> [TO DO]: Before printing, remove every picture; then print the lines below exactly, from the first line through the line containing "Сопровождающий игрок впереди".

> [EXERCISE DATA]:
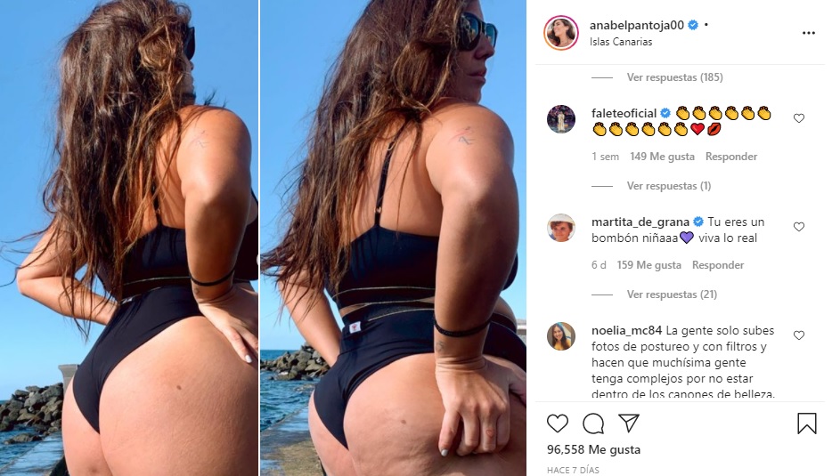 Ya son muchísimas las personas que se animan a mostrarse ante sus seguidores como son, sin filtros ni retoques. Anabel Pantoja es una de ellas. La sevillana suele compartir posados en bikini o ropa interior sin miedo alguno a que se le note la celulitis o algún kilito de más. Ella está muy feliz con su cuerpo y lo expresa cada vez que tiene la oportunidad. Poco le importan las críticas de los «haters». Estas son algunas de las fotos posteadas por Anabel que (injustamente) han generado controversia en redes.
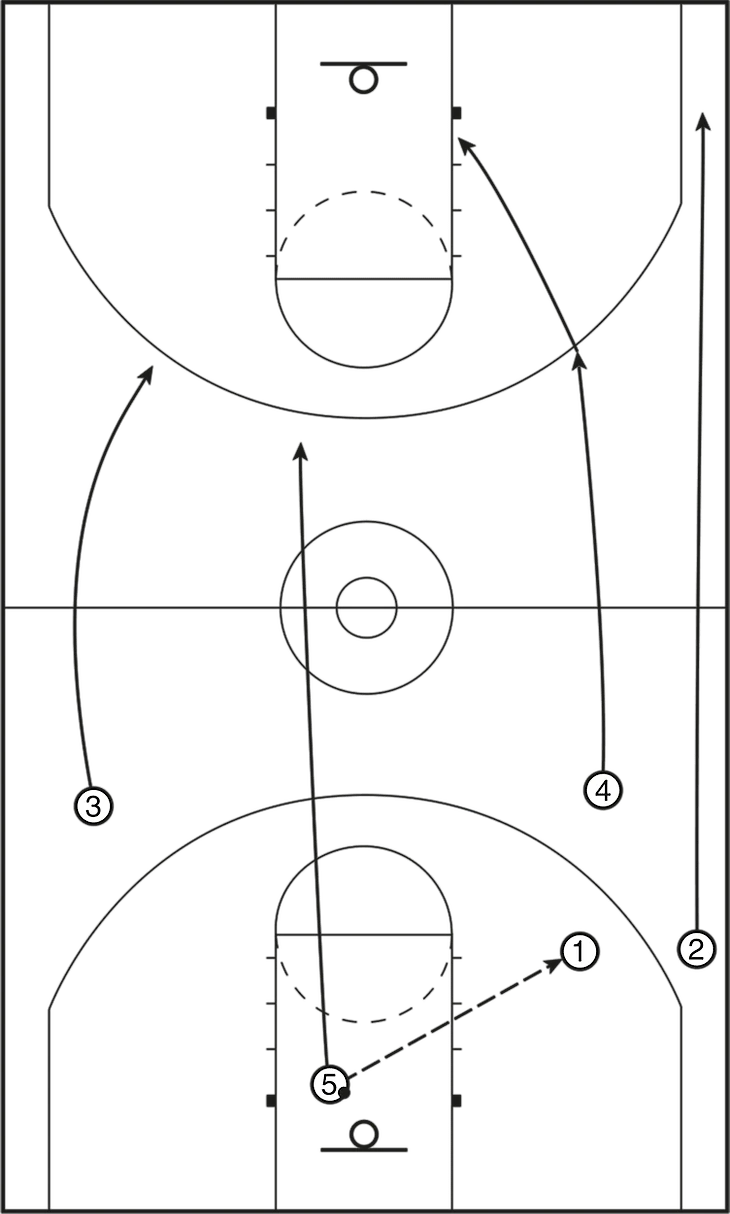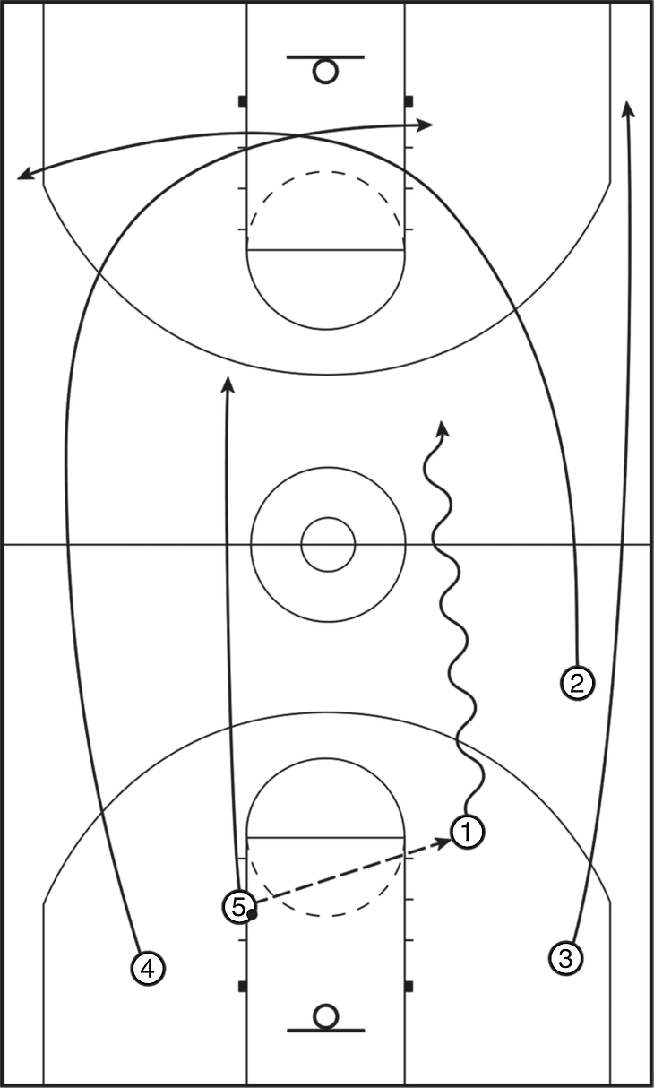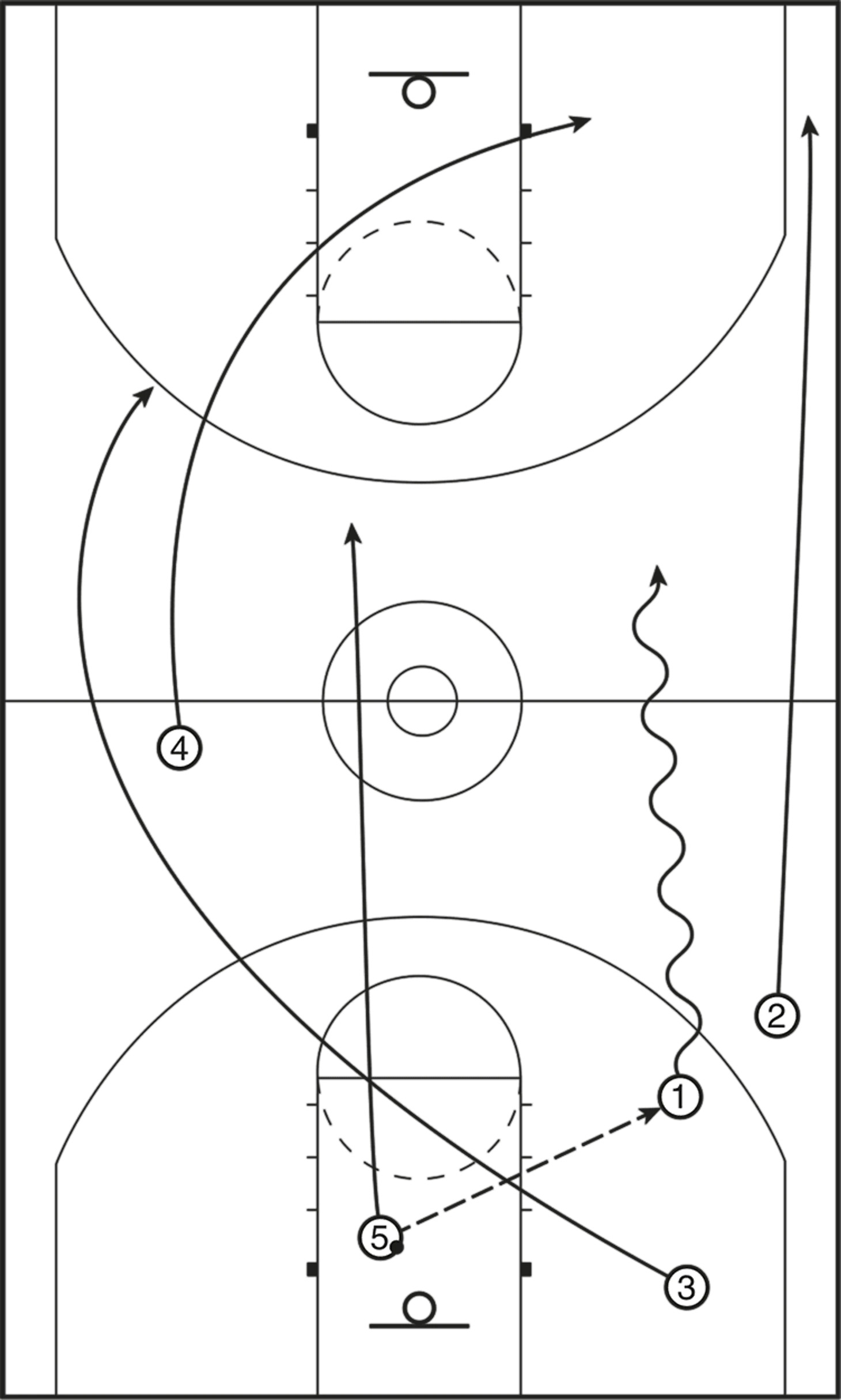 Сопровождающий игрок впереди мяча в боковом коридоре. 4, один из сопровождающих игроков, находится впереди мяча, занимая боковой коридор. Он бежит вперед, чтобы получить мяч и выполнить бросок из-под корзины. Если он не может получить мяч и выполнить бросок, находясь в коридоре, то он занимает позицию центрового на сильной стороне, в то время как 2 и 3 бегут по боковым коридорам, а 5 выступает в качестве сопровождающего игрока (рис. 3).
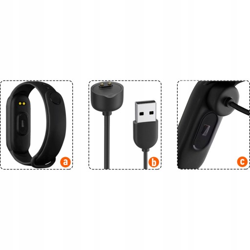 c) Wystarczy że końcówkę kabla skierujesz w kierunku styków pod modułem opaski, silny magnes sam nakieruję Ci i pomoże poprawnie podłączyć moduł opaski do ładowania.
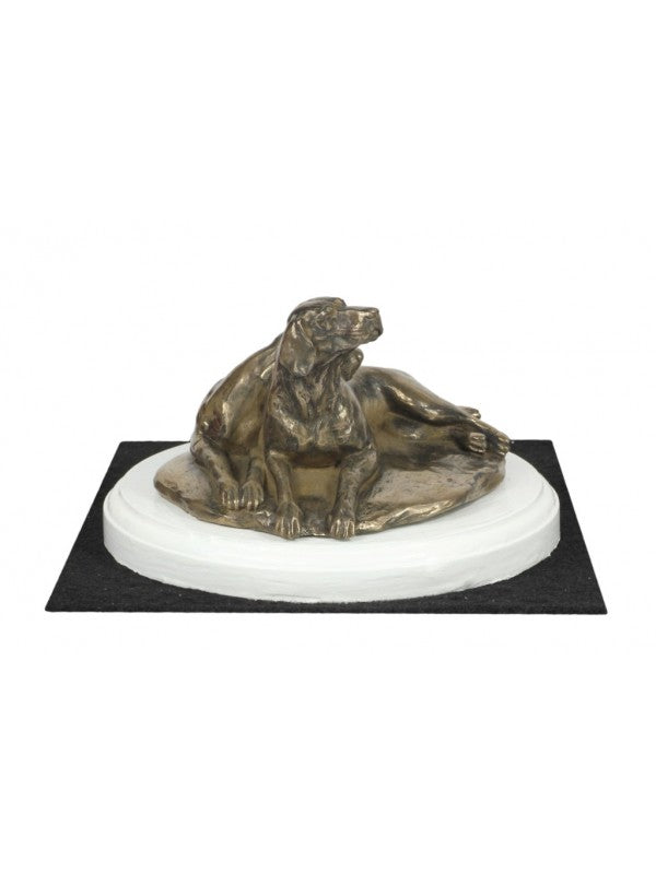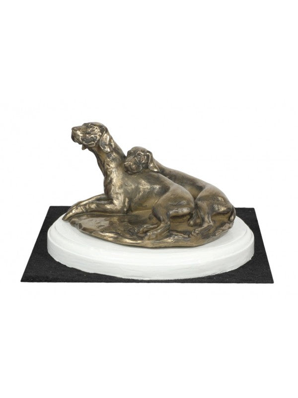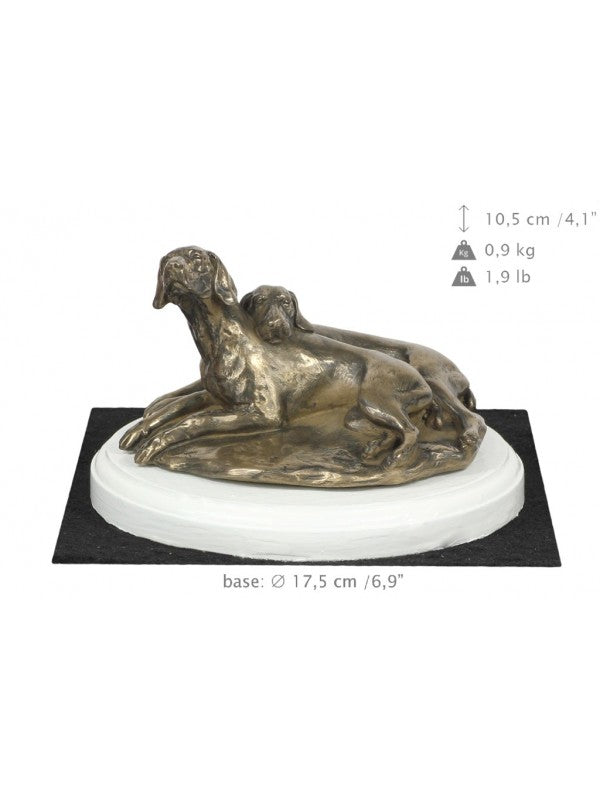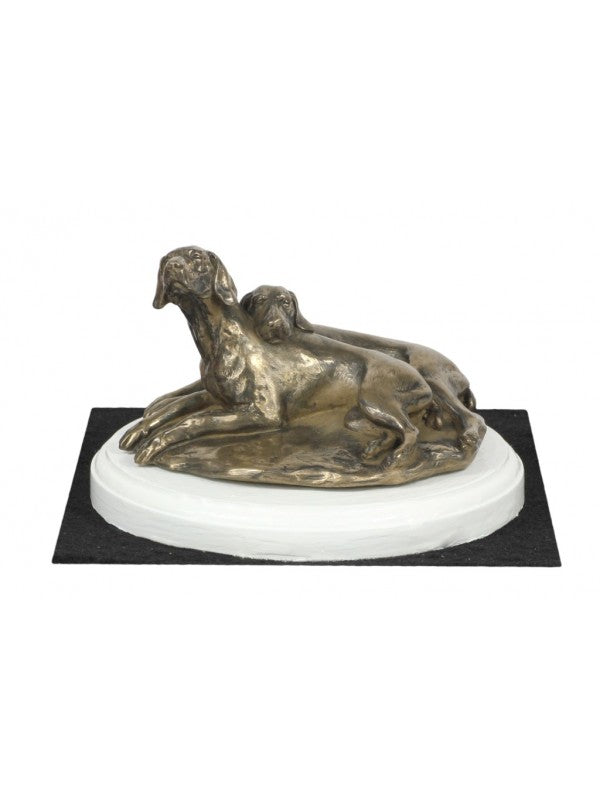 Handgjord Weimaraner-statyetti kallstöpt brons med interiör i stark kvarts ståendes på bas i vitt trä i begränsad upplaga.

> [PROBLEM SOLUTION]:
 Ya son muchísimas las personas que se animan a mostrarse ante sus seguidores como son, sin filtros ni retoques. Anabel Pantoja es una de ellas. La sevillana suele compartir posados en bikini o ropa interior sin miedo alguno a que se le note la celulitis o algún kilito de más. Ella está muy feliz con su cuerpo y lo expresa cada vez que tiene la oportunidad. Poco le importan las críticas de los «haters». Estas son algunas de las fotos posteadas por Anabel que (injustamente) han generado controversia en redes.
 Сопровождающий игрок впереди мяча в боковом коридоре. 4, один из сопровождающих игроков, находится впереди мяча, занимая боковой коридор. Он бежит вперед, чтобы получить мяч и выполнить бросок из-под корзины. Если он не может получить мяч и выполнить бросок, находясь в коридоре, то он занимает позицию центрового на сильной стороне, в то время как 2 и 3 бегут по боковым коридорам, а 5 выступает в качестве сопровождающего игрока (рис. 3).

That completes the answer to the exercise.